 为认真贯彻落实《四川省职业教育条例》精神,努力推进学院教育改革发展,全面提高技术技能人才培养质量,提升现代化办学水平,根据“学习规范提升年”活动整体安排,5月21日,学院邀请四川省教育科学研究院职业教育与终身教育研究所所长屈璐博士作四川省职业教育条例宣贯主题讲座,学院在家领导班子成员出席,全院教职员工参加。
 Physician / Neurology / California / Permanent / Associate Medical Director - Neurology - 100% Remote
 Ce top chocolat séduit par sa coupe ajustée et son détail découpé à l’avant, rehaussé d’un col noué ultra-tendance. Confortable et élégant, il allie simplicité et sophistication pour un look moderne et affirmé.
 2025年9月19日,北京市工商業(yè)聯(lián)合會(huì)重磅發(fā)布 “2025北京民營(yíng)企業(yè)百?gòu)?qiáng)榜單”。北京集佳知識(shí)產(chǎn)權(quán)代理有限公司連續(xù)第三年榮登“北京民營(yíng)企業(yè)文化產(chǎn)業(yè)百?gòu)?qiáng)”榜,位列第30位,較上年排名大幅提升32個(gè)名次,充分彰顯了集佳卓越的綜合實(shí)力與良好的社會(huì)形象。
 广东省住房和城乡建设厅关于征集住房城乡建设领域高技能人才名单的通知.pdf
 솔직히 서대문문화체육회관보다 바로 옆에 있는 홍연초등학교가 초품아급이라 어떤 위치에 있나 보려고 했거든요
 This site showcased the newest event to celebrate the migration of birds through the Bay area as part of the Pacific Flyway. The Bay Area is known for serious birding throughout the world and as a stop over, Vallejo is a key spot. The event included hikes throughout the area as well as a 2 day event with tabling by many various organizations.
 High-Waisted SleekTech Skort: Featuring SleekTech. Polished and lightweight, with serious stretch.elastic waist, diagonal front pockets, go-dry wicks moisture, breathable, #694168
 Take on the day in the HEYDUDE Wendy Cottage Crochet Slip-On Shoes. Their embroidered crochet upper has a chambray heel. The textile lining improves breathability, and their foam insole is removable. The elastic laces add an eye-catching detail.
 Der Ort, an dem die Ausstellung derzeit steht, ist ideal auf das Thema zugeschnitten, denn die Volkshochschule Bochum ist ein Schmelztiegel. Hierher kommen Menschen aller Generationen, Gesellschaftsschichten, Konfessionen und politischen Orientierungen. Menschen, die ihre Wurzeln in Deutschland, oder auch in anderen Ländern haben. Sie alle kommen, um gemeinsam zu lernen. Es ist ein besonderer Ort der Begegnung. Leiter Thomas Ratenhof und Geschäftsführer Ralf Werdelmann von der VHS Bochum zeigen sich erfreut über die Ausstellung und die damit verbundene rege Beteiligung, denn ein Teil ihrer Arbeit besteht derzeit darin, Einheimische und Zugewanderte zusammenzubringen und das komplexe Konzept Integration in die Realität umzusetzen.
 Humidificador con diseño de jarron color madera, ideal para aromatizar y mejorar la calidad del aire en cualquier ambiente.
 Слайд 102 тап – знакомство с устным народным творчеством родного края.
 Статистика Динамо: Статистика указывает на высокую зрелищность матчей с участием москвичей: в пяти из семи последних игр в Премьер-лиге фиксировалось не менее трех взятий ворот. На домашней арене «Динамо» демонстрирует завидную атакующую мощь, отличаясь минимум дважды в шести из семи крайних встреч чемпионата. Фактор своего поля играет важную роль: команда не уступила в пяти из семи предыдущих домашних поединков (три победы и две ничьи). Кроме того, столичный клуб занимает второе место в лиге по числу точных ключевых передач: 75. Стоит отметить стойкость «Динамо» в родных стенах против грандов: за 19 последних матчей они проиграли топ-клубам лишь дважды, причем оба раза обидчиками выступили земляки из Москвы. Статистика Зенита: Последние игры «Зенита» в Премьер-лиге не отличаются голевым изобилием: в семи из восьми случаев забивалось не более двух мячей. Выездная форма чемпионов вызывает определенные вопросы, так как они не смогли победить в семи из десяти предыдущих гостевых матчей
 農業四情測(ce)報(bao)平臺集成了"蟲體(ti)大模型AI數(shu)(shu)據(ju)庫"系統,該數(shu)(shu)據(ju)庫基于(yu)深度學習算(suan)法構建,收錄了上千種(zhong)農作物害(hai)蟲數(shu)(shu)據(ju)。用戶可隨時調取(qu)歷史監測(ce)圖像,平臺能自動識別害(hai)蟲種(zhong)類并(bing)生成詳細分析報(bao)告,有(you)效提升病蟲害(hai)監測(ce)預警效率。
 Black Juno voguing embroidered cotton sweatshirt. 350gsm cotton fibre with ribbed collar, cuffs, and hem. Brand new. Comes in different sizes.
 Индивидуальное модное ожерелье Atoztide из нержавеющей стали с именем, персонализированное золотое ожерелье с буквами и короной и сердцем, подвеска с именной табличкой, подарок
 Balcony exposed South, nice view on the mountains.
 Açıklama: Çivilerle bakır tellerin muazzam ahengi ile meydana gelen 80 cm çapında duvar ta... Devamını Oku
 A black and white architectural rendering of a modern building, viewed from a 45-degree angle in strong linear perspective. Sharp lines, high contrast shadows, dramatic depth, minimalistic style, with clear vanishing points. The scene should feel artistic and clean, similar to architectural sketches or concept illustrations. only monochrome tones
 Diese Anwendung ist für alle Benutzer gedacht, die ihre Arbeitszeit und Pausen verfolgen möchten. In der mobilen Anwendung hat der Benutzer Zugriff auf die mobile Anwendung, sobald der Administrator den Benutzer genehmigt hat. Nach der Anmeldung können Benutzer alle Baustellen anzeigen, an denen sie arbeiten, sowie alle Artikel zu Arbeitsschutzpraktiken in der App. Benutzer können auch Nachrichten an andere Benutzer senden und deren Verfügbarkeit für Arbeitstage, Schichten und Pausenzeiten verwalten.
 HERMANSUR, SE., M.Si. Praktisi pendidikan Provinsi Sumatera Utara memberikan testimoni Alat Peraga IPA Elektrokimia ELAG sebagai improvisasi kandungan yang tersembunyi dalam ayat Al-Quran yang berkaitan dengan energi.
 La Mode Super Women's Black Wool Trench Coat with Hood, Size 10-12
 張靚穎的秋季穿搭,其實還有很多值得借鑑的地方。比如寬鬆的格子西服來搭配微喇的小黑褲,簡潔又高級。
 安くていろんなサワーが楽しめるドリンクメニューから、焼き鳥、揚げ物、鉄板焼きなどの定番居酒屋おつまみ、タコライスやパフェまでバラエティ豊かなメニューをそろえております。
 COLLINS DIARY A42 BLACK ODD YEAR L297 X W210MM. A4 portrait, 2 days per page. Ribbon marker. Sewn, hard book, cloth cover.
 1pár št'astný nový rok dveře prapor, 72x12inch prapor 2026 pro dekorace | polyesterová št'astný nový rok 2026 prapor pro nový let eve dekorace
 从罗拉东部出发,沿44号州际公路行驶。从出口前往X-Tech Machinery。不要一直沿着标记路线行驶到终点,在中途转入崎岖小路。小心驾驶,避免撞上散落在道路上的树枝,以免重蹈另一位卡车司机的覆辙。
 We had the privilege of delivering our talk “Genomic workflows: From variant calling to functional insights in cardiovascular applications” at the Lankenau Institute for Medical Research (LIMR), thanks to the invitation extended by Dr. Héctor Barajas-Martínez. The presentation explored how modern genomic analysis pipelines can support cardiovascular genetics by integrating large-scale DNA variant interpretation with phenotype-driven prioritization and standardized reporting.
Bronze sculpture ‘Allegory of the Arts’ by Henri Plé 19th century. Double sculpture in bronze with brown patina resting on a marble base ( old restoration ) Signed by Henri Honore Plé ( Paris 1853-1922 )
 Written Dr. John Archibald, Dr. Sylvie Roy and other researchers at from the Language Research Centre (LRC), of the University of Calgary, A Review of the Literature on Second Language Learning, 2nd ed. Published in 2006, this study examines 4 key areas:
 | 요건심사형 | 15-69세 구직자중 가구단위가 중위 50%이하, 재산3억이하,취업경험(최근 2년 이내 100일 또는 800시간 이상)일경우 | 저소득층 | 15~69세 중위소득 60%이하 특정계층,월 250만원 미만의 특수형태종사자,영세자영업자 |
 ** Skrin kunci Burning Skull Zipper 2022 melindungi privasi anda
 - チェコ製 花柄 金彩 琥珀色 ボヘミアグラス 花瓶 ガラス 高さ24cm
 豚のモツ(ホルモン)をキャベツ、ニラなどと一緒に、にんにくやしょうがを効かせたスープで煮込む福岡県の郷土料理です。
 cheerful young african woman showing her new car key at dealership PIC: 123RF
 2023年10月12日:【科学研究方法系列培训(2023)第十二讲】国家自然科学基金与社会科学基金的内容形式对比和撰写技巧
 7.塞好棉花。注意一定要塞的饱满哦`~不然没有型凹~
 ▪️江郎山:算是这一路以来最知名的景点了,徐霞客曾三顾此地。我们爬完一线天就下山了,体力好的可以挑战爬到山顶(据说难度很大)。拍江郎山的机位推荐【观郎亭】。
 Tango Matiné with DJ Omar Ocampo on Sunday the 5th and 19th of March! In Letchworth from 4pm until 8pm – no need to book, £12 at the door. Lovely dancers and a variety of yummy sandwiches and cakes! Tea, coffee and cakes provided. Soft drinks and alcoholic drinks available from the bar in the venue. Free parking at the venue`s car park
====
◆ Task goal
Where a line above contains the word "Medical", copy that line.

◆ Output of the task
 Physician / Neurology / California / Permanent / Associate Medical Director - Neurology - 100% Remote
 We had the privilege of delivering our talk “Genomic workflows: From variant calling to functional insights in cardiovascular applications” at the Lankenau Institute for Medical Research (LIMR), thanks to the invitation extended by Dr. Héctor Barajas-Martínez. The presentation explored how modern genomic analysis pipelines can support cardiovascular genetics by integrating large-scale DNA variant interpretation with phenotype-driven prioritization and standardized reporting.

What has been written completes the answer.